Random data filter/generation based on count criteria

Hi Team,

How do i generate or filter random data based on the below criteria.

For example i have a data around 200 records/rows. if the records less than 100, i should consider all of them, else i should consider 5% of 200 or 100 records/rows which ever is higher.

I have used column expression to get the count value.

May i know what node should i use to get random data based on the count that i have from column expression.

Regards,
Pavan.

Hi Pavan,
You can use the Partitioning node to filter the data table such that it includes rows drawn randomly.
You can specify either the absolute number or the percentage of rows to keep.
-Don

1 Like

Hi there!

As @dnaki suggested you should use Partitioning node for random sampling which you will control with a flow variable which defines the number of rows you need to filter. You can get this flow variable on multiple ways. I used Extract Table Dimensions node followed by Table Column to Variable and Math Formula (Variable) nodes.

Check it out and if any questions feel free to ask. Workflow is attached.
2019_04_11_Partitioning_With_Criteria.knwf (17.3 KB)

Br,
Ivan

2 Likes

Hi Don and Ivan,

Thank you for your help, it worked. I have used column expression as there is no option to use multiple if else in math node. Below is the screen shot of the workflow just for reference.

Regards,
Pavan.

1 Like

Hi Pavan!

Glad you found a solution.

Math Formula node indeed does not have multiple if else but if you nest more if() function you actually get if else simulation :wink:

Also you need only one if() function cause only in case where 5% is bigger than 100 you need that 5% rows otherwise you take 100 rows each way :wink:

Br,
Ivan

Hi Ivan,

i am not aware that we can do nested if in Math Formula node, i will try.

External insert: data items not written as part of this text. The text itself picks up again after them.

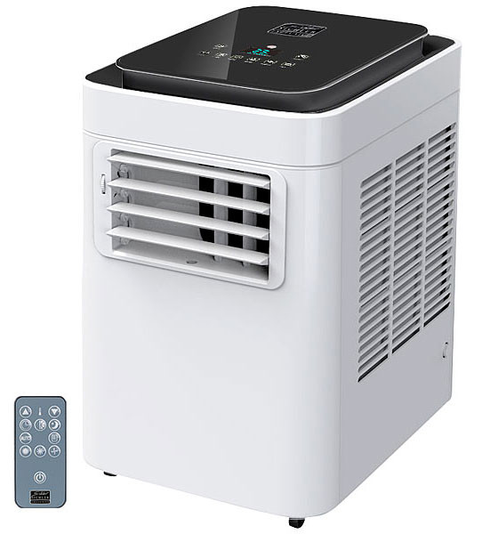 Ne laissez pas la canicule vous abattre. Avec ce climatiseur mobile ACS-90, profitez d'un climat frais partout où vous allez ! L'appareil aère, rafraîchit et déshumidifie. Vous luttez contre les climats lourds et les chaleurs oppressantes, comme celles qui précèdent l'orage. Réglez la température selon vos envies, pour un climat adapté à vos besoins. Grâce au minuteur, vous pouvez même programmer l'appareil de manière à ce qu'il s'active à votre arrivée ou s'éteigne pour votre départ ! Équipé de roulettes, l'appareil peut être déplacé en toute simplicité d'une pièce à l'autre. Vous pouvez même l'emmener dans votre chambre. Grâce au tuyau fourni séparément, vous pouvez installer le climatiseur en extérieur et ne profiter que de son air frais, sans bruit. Climatiseur mobile ACS-90 par Sichler Exclusive Température de refroidissement 17 - 30 °C Classe d'efficacité énergétique : A (EER 2,6), 9000 BTU/h Pour pièces jusqu'à 18 m² / 45 m³ Sélection du programme et de la température sur panneau de commandes ou télécommande Options confort : sélection directe de la température cible, minuteur d'activation/arrêt pour jusqu'à 24 h de fonctionnement, ventilateur à 3 vitesses Affichage LED sur panneau de commandes pour programme sélectionné et température réglée Système d'auto-évaporation : l'eau condensée refroidit le condenseur Déshumidification de l'air de la pièce : jusqu'à 24 L/j Poignée et roulettes pour utilisation mobile Tuyau d'évacuation flexible (longueur max. : 200 cm, Ø 13 cm) à fixer au mur ou à glisser dans une fenêtre entrouverte Adaptateur pour tuyau pour ouverture ovale : 7,2 x 20,8 cm Capacité max. de refroidissement : 2600 W Débit d'air max. : 5,17 m³/min Grille de sortie d'air réglable Volume sonore en fonctionnement : 65 dB(A) Fluide frigorigène : R290, 240 g Puissance absorbée en fonctionnement : 1000 W, veille : 0,5 W Consommation en mode Refroidissement : 1 kWh / 60 min* Rapport de service : 0,048 (m³/min)/W Alimentation système : 230 V, télécommande : 2 piles AAA (non fournies) Dimensions : 44,3 x 81,5 x 34 cm, poids : 27 kg Climatiseur ASC-90, télécommande, tuyau d'évacuation d'air, adaptateur pour tuyau, mode d'emploi en français
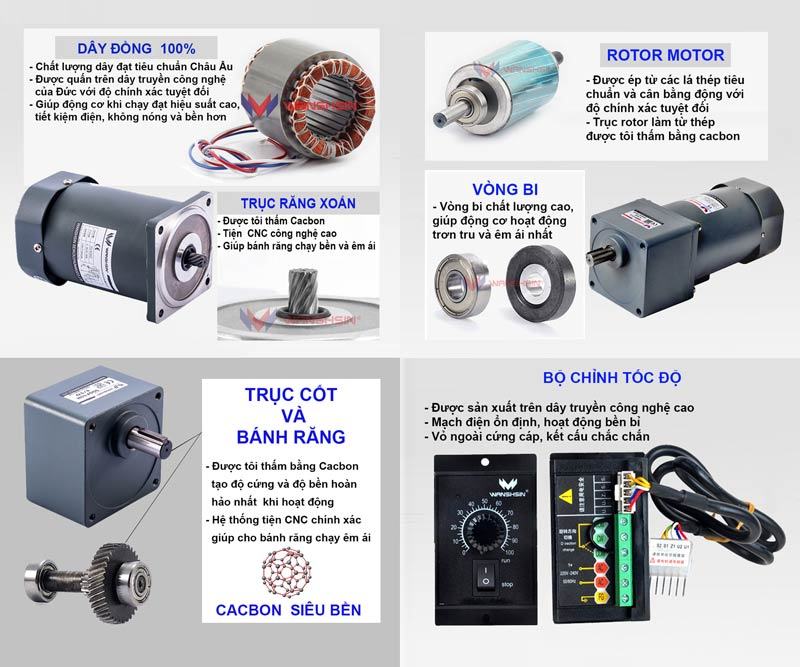 - Động cơ có tính năng điều chỉnh tốc độ, thường dùng bộ chỉnh tốc độ kèm theo
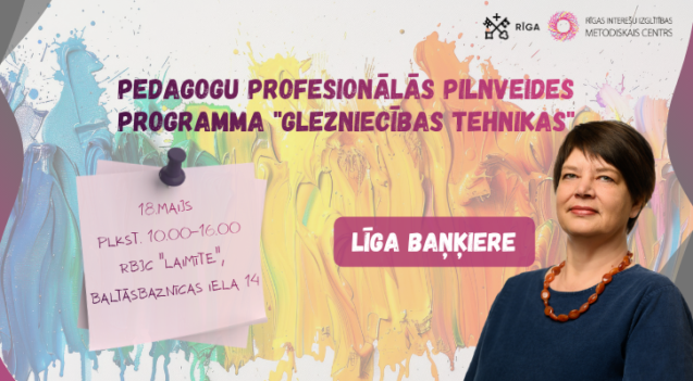 Rīgas Interešu izglītības metodiskais centrs aicina interešu izglītības pedagogus piedalīties profesionālās kompetences pilnveides programmā “Glezniecības tehnikas” (8 stundas), kas norisināsies 2026. gada 18. maijā no plkst. 10.00 līdz 16.00 Rīgas bērnu un jauniešu centrā “Laimīte”, Baltāsbaznīcas ielā 14, Rīgā.
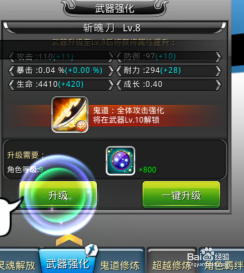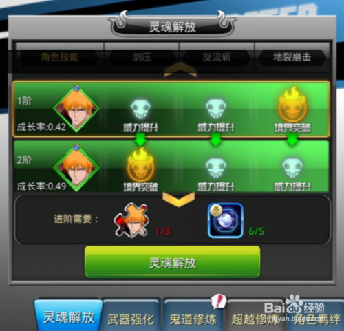 点击底处的格子——“魂灵解放”,把进阶所需的卡图凑好,可以对威力和境界冲破。鬼道的兵器也轻按,加以进级。
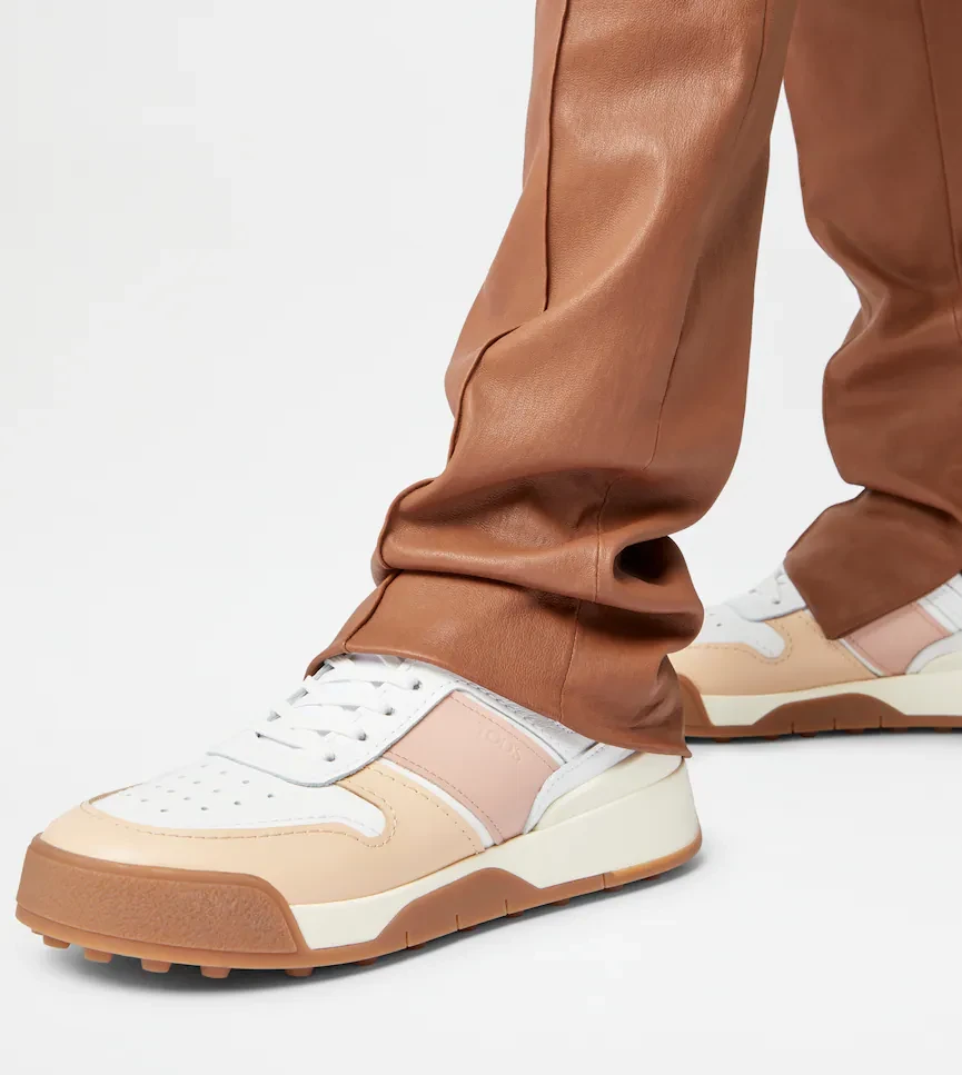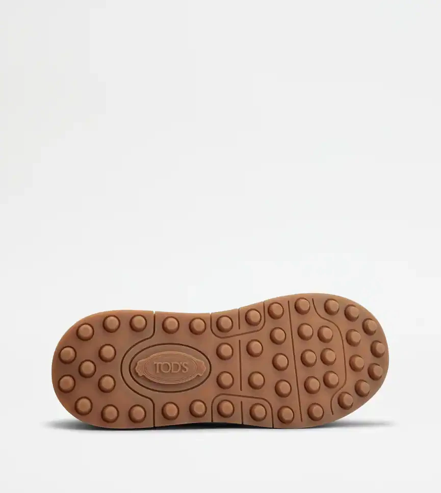 Tod's sneaker selection is enhanced by a new style that recalls the iconic rubber pebble theme. Crafted in fine leather, these sneakers feature Tod's logo stamped on the side.
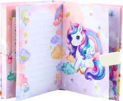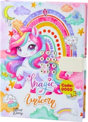 Dnevnik s motivom jednoroga odličan je izbor za djecu koja žele svoje misli držati na sigurnom. Zahvaljujući kombinacijskoj bravi s mogućnošću promjene koda dijete ima svoju privatnost potpuno pod kontrolom. Po otvaranju začut će se radosna melodija koja uljepšava svako pisanje.
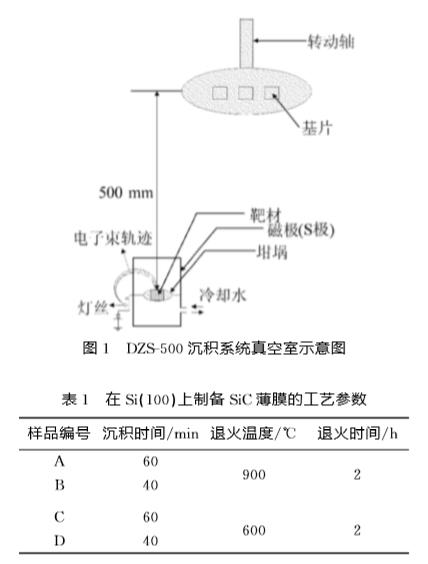 實驗采用中國科學院沈陽科學儀器公司研制的DZS-500電子束沉積系統。選擇單晶Si(100)作為基片,并將其切割成10mm×5mm的方片。對基片分別用丙酮、乙醇和去離子水超聲清洗15min。靶材采用純度為98%的SiC壓片。坩堝和基片之間的垂直距離為500mm。在EB-PVD蒸發沉積過程中,E型槍所產生的高能電子束流將SiC靶材熔化蒸發,使其沉積到基板的Si片上形成薄膜,如圖1所示。沉積過程中真空度為6.7×10-3Pa,設定沉積速率為0.6nm/s,薄膜沉積時間分別為40、60min。電子束流強度30~60mA。沉積結束后繼續保持高真空狀態,待自然冷卻后,打開真空室取出試樣。對制備態試樣在2.0×10-2Pa真空中進行退火處理,退火溫度分別為600、900℃,退火時間均為2h,SiC薄膜制備工藝參數見表1所列。
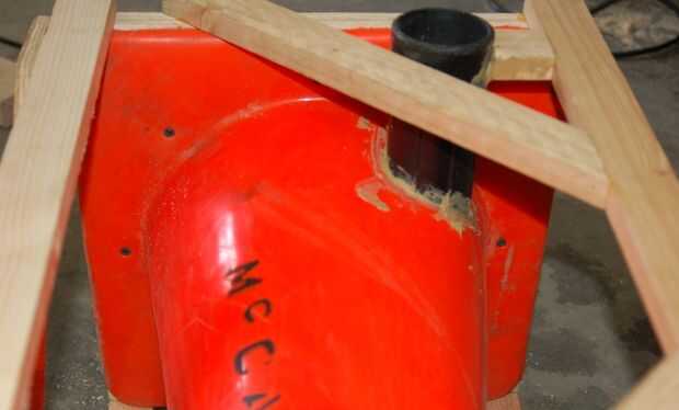 3. corte del balompié en forma de agujero hacia la parte inferior del cono sólo lo suficientemente grande como para empujar el tubo en y que no caiga. Extremo del tubo en el interior debe estar cerca de la pared por lo que la basura se deslice alrededor y luego hacia abajo.
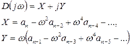 Критерий Михайлова предполагает построение годографа на комплексной плоскости. Для построения годографа из уравнения (4.1) путем подстановки S=jw получают аналитическое выражение вектора D(jw):
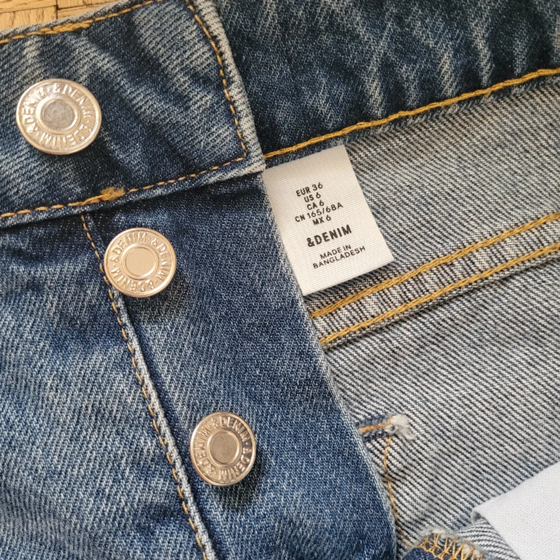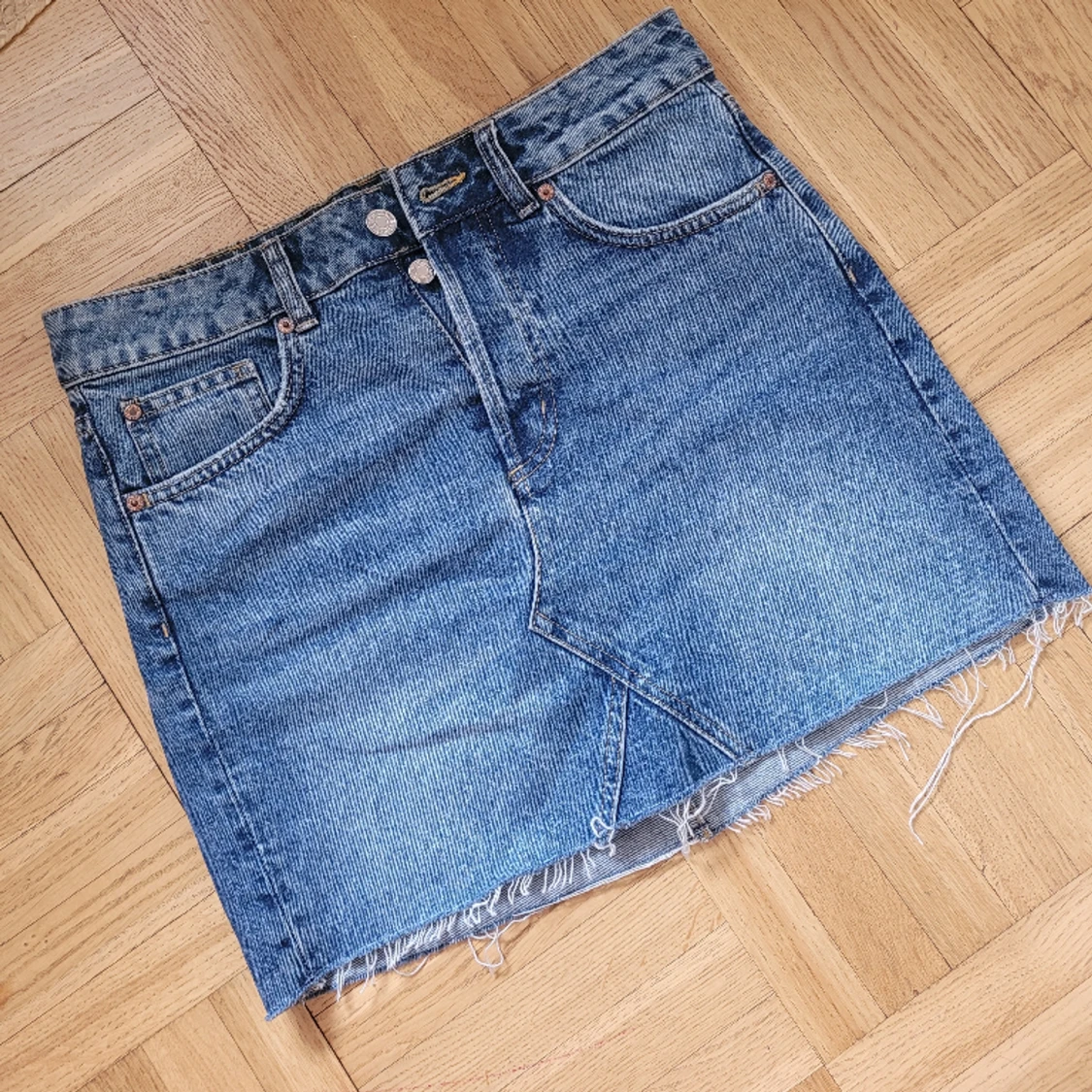 Fin kort jeanskjol &Denim stl.36 Fransig nertill. Som ny!
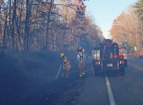 On November 16, 2025, Central Virginia was on a Red Flag fire day due to high winds and dry weather till 1700 hours. Buckingham County received a call at 1305 for a brush fire on Route 15 north of Stage Coach Road. Buckingham dispatched three companies and forestry units and mutual aid from Farmville and Randolph for tankers and brush trucks. Buckingham units covered the north and west sides of the fire and Farmville and Randolph covered the east and south sides to prevent the fire from jumping Route 45. State Forestry which was on duty due to the winds used a dozer to cut the fire line on the south side. The fire was brought under control and contained in about 30 minutes and burned about three acres of woods. - Fire News photo by Dan Pempel

Also there are 3 conditions here, 1st is if the number of records are less than 100, then it should take all the records, else, 2nd 5% of number of records or 3rd 100 which ever is greater. Based on your suggestion, i think we can do it with nested if. Thanks for that.

I would like to know how to you connect nodes using the curved arrows. i only have straight one’s.

Regards,
Pavan.

Hi Pavan!

To get curved arrows (and more grid options) see picture attached. It is also accessible from a File --> Preferences --> KNIME --> KNIME GUI --> KNIME Editor

Just an explanation on logic behind summing 3 conditions into 2 conditions. If 5% of number of records is less than 100 take 5% else take 100. This else also covers when there is less than 100 records because it can not take 100 if there is 58 records in data set :wink: But I agree having 3 conditions is clearer and I would write it with 3 conditions as well :smiley:

Br,
Ivan

1 Like

This topic was automatically closed 7 days after the last reply. New replies are no longer allowed.